A box with an open top is to be constructed from a square piece of cardboard, 24 inches wide, by cutting out a square from each of the four corners and bending up the sides. Find the largest volume that such a box can have.
let size of cut-out be x inches by x inches
V = x(24-2x)^2 = 4x^3 - 96x^2 + 576x , where x < 12
dV/dx = 12x^2 - 192x + 576 = 0 for a min of V
x^2 - 16x + 48 = 0
(x-4)(x-12) = 0
x = 4 or x - 12, but x 12 , so x = 4
largest volume = x(24-2x)^2
= 4(16)^2 = 1024 inches^2
Why are you posting "1728 inches"?
What is that supposed to mean?
To find the largest volume that the box can have, we need to maximize the volume function with respect to a variable. Let's call the length of the side of the square to be cut out "x".
First, let's draw a diagram:
```
_____________________________
| |
| |
| ------- |
| | | |
| | | |
| ------- |
|___________________________|
```
The length of each side of the square piece of cardboard is given as 24 inches. After cutting out squares with side length "x" from each corner, the length and width of the cardboard will be reduced by 2x.
Therefore, the length of the rectangle formed by the cardboard sides will be (24 - 2x) inches, and the width will also be (24 - 2x) inches.
The height of the box will be "x" inches, as we are bending up the sides of the cardboard.
Now, let's calculate the volume of the box:
Volume = Length × Width × Height
Volume = (24 - 2x) × (24 - 2x) × x
Volume = x(24 - 2x)(24 - 2x)
To find the maximum volume, we need to find the value of "x" that maximizes the volume function.
Taking the derivative of the volume function with respect to "x" and setting it equal to zero will help us find the critical points.
Let's differentiate the volume function:
dV/dx = (24 - 2x)(24 - 2x) + x(-2)(24 - 2x) + x(24 - 2x)(-2)
Simplifying, we get:
dV/dx = 4(24 - x)(6 - x)
Setting dV/dx = 0, we can find the critical points:
4(24 - x)(6 - x) = 0
Since we are looking for a positive value for "x", we can discard the solution x = 0.
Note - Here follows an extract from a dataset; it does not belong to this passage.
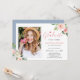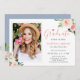 Convite Graduação de Foto Floral Azul, Cor-de-Rosa Esbranq

Solving 24 - x = 0 or 6 - x = 0, we find two critical points: x = 24 and x = 6.
To determine if these are maximum or minimum values, we can take the second derivative of the volume function:
d^2V/dx^2 = 2(24 - x) + 4x = 48 - 6x
Plugging in the critical points:
d^2V/dx^2 |_(x=24) = 48 - 6(24) = -96
d^2V/dx^2 |_(x=6) = 48 - 6(6) = 12
Since the second derivative at x = 6 is positive, it indicates a minimum value. However, at x = 24, the second derivative is negative, which indicates a maximum value.
Therefore, the maximum volume of the box can be obtained when x = 24.
To find the value of the maximum volume, substitute x = 24 into the volume function:
Volume = 24(24 - 2(24))(24 - 2(24))
Simplifying, we get:
Volume = 24(0)(0) = 0
Hence, the largest volume that the box can have is 0 cubic inches.